Assignment: In the copy, include no images, and repeat each entry precisely as written.

---- Task input

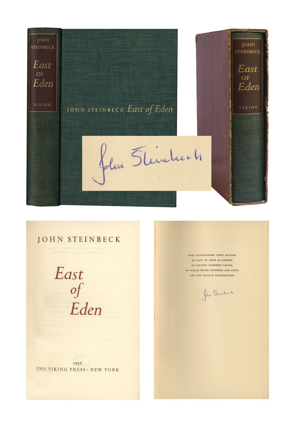 John Steinbeck signed first edition of ''East of Eden'' in its original slipcase. New York: Viking Press, 1952. One of just 1,500 first edition copies signed by the author, 750 of which were intended for private distribution. Signed, ''John Steinbeck'' in blue ink to limitation page. Bound in publisher's green cloth boards with titles stamped in gilt on the front board and spine, housed in original faux wood-grain slipcase. Measures 6.75'' x 9.5''. Slipcase is lightly chipped with a few abrasions, overall very good condition. Book is in exceptional, near fine condition.
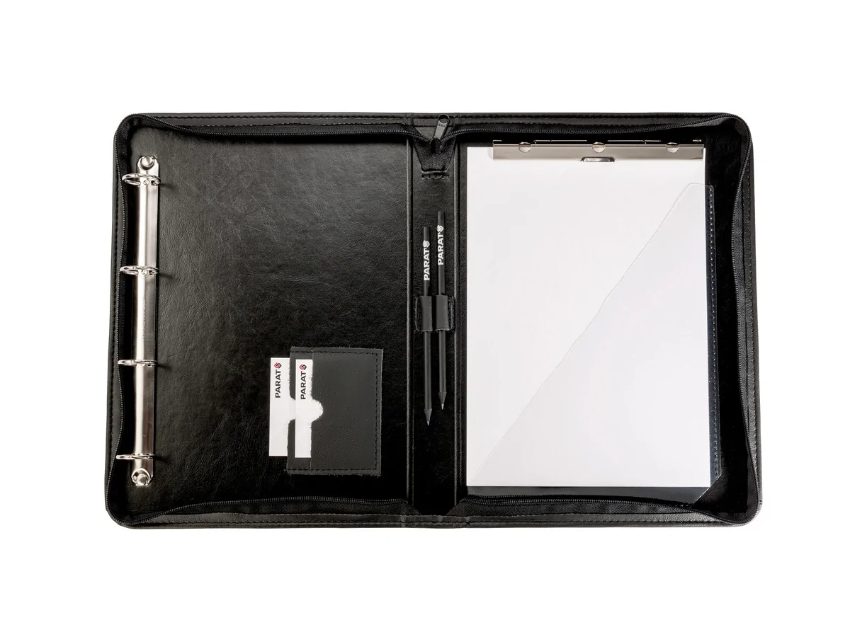This writing case made of durable artificial leather is an essential tool particularly for field workers. Thanks to its clamp holder and the 4-part loose-leaf clamp mounted on the left-hand inner panel, you can transport either documents or writing pads and registers easily in this writing case. In addition, this writing case comes with a transparent sheet protector for A4 format and two pockets for business cards fixed inside. Two fixed and sturdy pencil holders complete the overall look. Thanks to the robust and circumferential zipper, this case can be locked easily and safely, so that your documents are well protected even during transport. The sturdy design of this writing case not only enables transport of your documents, but also is very suitable to write directly in it. This enhances the comfort level considerably.
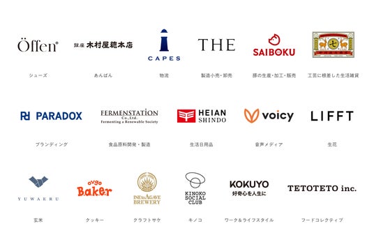 Öffen(シューズ)、木村屋總本店(あんぱん)、CAPES(物流)、THE(製造小売・卸売)、SAIBOKU(豚の生産・加工・販売)、中川政七商店(工芸に根差した生活雑貨)、PARADOX(ブランディング)、FERMENSTATION(食品原料開発・製造)、平安伸銅工業(生活日用品)、Voicy(音声メディア)、LIFFT(生花)、YUWAERU(玄米)、ovgo Baker(クッキー)、稲とアガベ(クラフトサケ)、KINOKO SOCIAL CLUB(キノコ)KOKUYO(ワーク&ライフスタイル)、TETOTETO(フードコレクティブ)
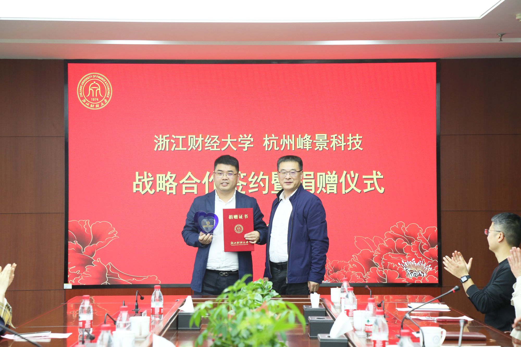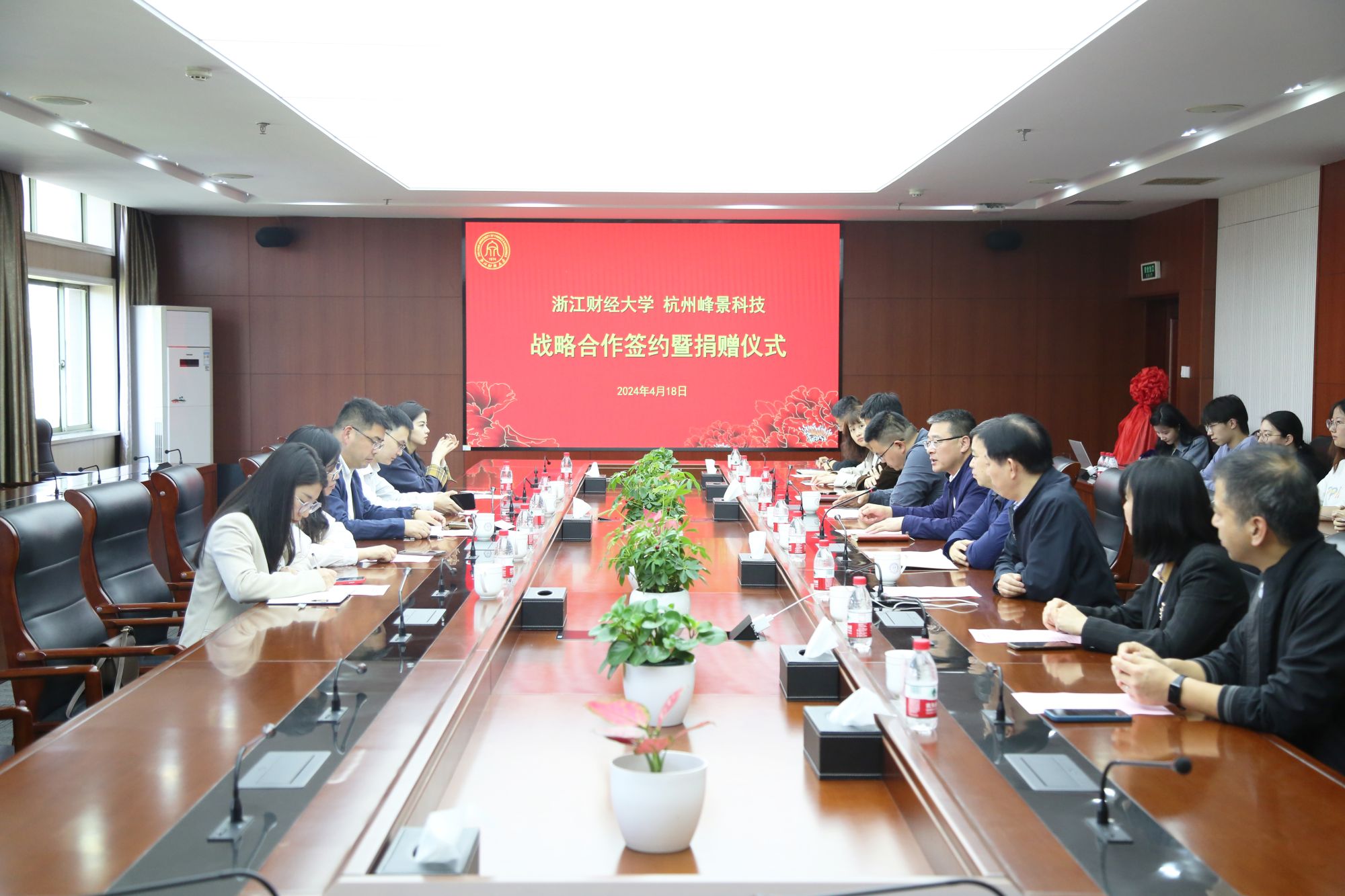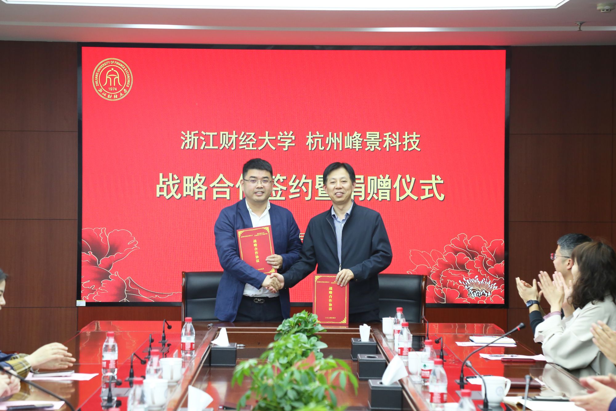 与杭州峰景科技有限公司战略合作签约暨“峰景科技教育基金”捐赠仪式在行政楼412成功举行。峰景科技有限公司在信息技术与人工智能学院设立“峰景科技教育基金”,共建“人工智能创新中心”。校党委副书记徐晓东、峰景科技有限公司董事长周金满、总裁沈忱、副总裁余艳、董事长助理戴旭笑、企宣主管周立君、校发展联络办公室主任吴玻、社会合作处副处长蒋云兵、信息技术与人工智能学院院长张帅、党委书记吴翼泽、副院长朱凌、党委副书记吴轶韵等代表出席签约仪式。
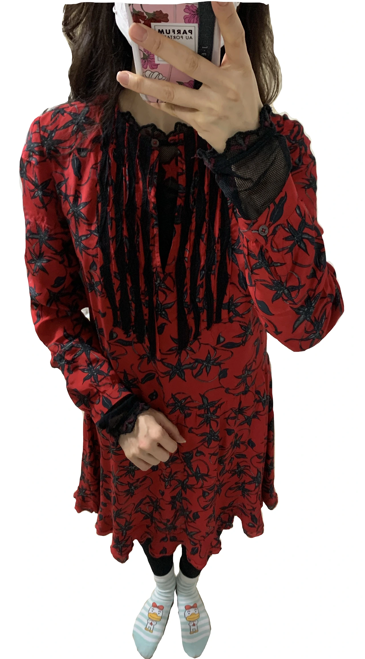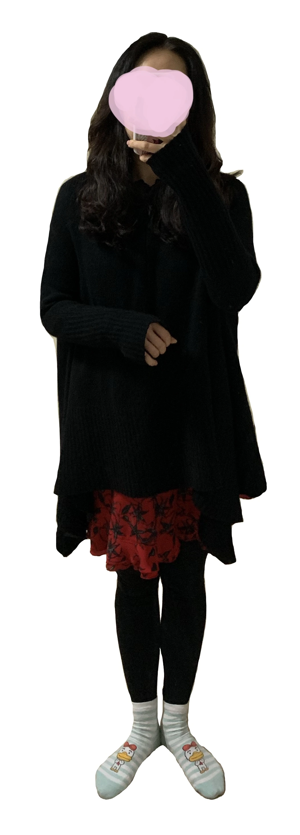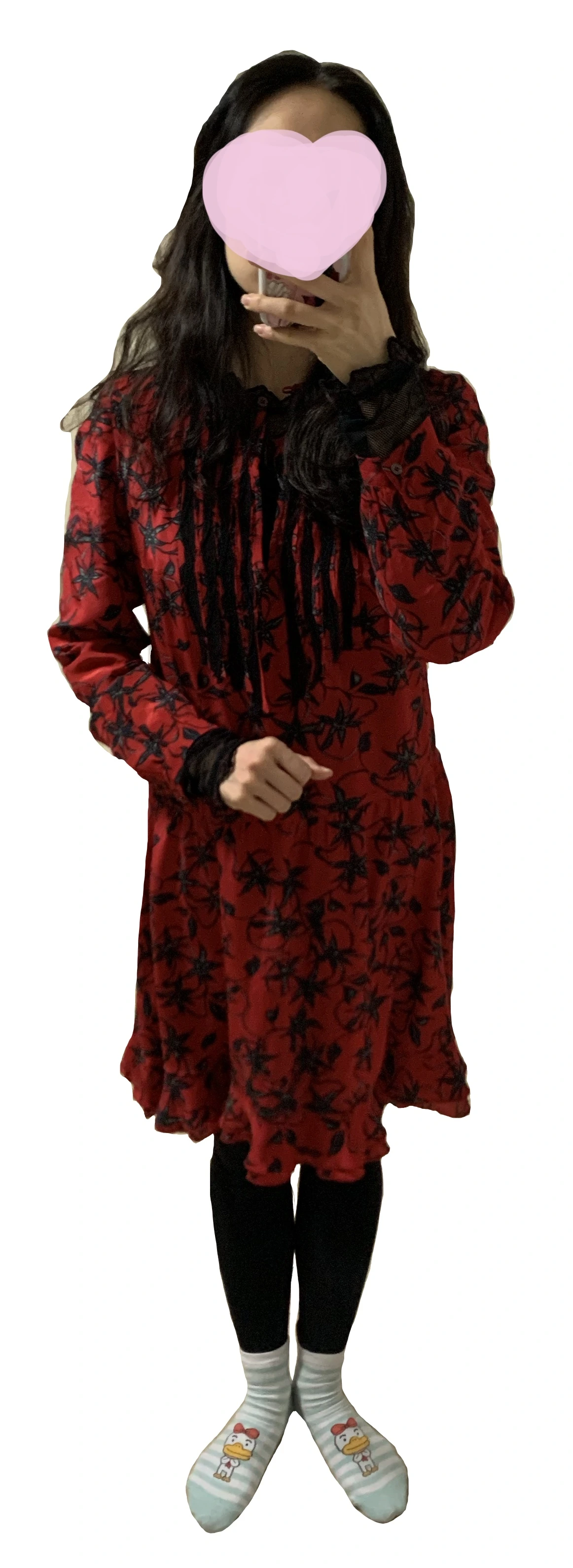 레드 원피스와 블랙 풀오버
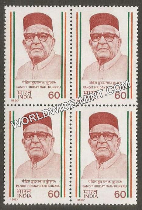 1987 Pandit Hriday Nath Kunzru Block of 4 MNH
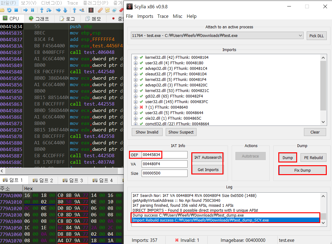 해당 부분이 OEP가 맞는지 덤프를 떠보자. x32Dbg의 내장 툴인 Scylla를 사용해 IAT 정보를 자동으로 찾아준 후 덤프를 떠주었다.
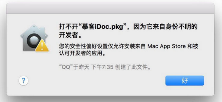 Mac安装时,显示“打不开 ‘摹客.pkg’ ,因为它来自身份不明的开发者。”
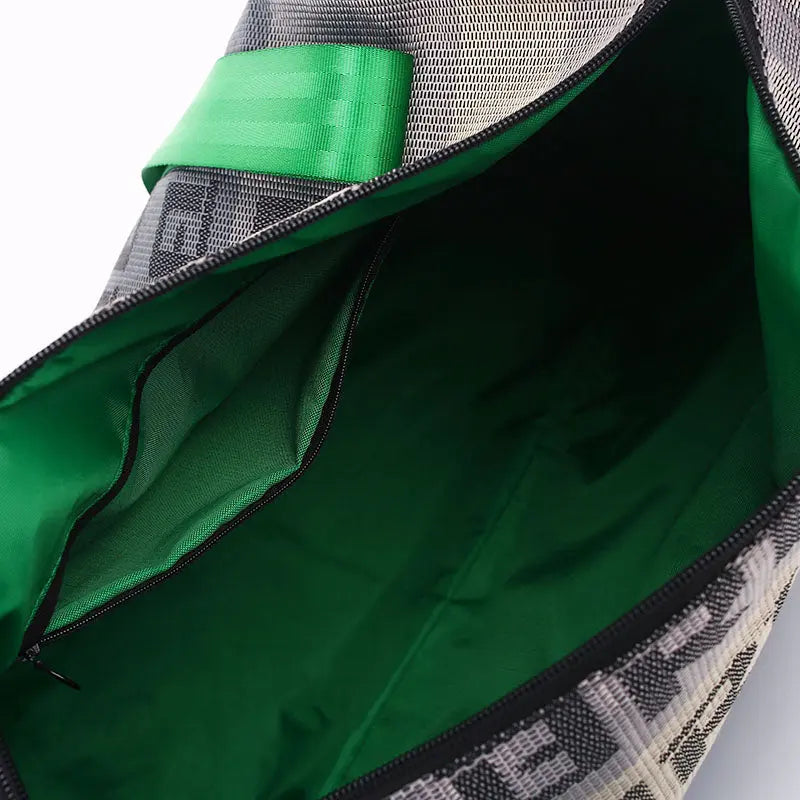 - Sturdy Green Racing Harness style carrying straps
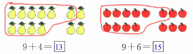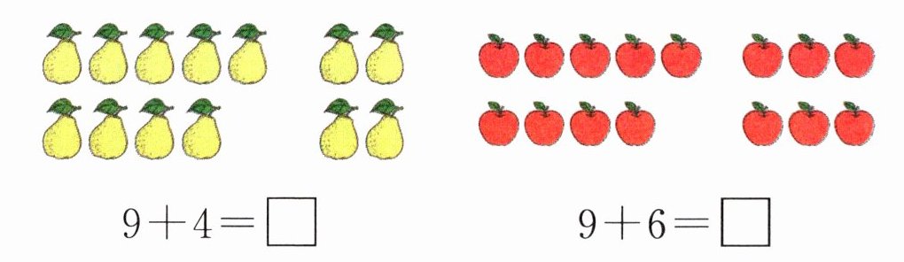 $\begin{cases}10 + 5 = □ \\9 + 1 + 5 = □ \\9 + 6 = □\end{cases} □ $
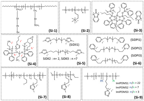 - Manceriu, L.; Bharwal, A.K. DSSC Performance of Polysiloxane Bearing Imidazolium Iodide Side Chain as function of Ionic Liquid substituent. 2022; manuscript under preparation. [Google Scholar]

--------

Response area:
 John Steinbeck signed first edition of ''East of Eden'' in its original slipcase. New York: Viking Press, 1952. One of just 1,500 first edition copies signed by the author, 750 of which were intended for private distribution. Signed, ''John Steinbeck'' in blue ink to limitation page. Bound in publisher's green cloth boards with titles stamped in gilt on the front board and spine, housed in original faux wood-grain slipcase. Measures 6.75'' x 9.5''. Slipcase is lightly chipped with a few abrasions, overall very good condition. Book is in exceptional, near fine condition.
This writing case made of durable artificial leather is an essential tool particularly for field workers. Thanks to its clamp holder and the 4-part loose-leaf clamp mounted on the left-hand inner panel, you can transport either documents or writing pads and registers easily in this writing case. In addition, this writing case comes with a transparent sheet protector for A4 format and two pockets for business cards fixed inside. Two fixed and sturdy pencil holders complete the overall look. Thanks to the robust and circumferential zipper, this case can be locked easily and safely, so that your documents are well protected even during transport. The sturdy design of this writing case not only enables transport of your documents, but also is very suitable to write directly in it. This enhances the comfort level considerably.
 Öffen(シューズ)、木村屋總本店(あんぱん)、CAPES(物流)、THE(製造小売・卸売)、SAIBOKU(豚の生産・加工・販売)、中川政七商店(工芸に根差した生活雑貨)、PARADOX(ブランディング)、FERMENSTATION(食品原料開発・製造)、平安伸銅工業(生活日用品)、Voicy(音声メディア)、LIFFT(生花)、YUWAERU(玄米)、ovgo Baker(クッキー)、稲とアガベ(クラフトサケ)、KINOKO SOCIAL CLUB(キノコ)KOKUYO(ワーク&ライフスタイル)、TETOTETO(フードコレクティブ)
 与杭州峰景科技有限公司战略合作签约暨“峰景科技教育基金”捐赠仪式在行政楼412成功举行。峰景科技有限公司在信息技术与人工智能学院设立“峰景科技教育基金”,共建“人工智能创新中心”。校党委副书记徐晓东、峰景科技有限公司董事长周金满、总裁沈忱、副总裁余艳、董事长助理戴旭笑、企宣主管周立君、校发展联络办公室主任吴玻、社会合作处副处长蒋云兵、信息技术与人工智能学院院长张帅、党委书记吴翼泽、副院长朱凌、党委副书记吴轶韵等代表出席签约仪式。
 레드 원피스와 블랙 풀오버
 1987 Pandit Hriday Nath Kunzru Block of 4 MNH
 해당 부분이 OEP가 맞는지 덤프를 떠보자. x32Dbg의 내장 툴인 Scylla를 사용해 IAT 정보를 자동으로 찾아준 후 덤프를 떠주었다.
 Mac安装时,显示“打不开 ‘摹客.pkg’ ,因为它来自身份不明的开发者。”
 - Sturdy Green Racing Harness style carrying straps
 $\begin{cases}10 + 5 = □ \\9 + 1 + 5 = □ \\9 + 6 = □\end{cases} □ $
 - Manceriu, L.; Bharwal, A.K. DSSC Performance of Polysiloxane Bearing Imidazolium Iodide Side Chain as function of Ionic Liquid substituent. 2022; manuscript under preparation. [Google Scholar]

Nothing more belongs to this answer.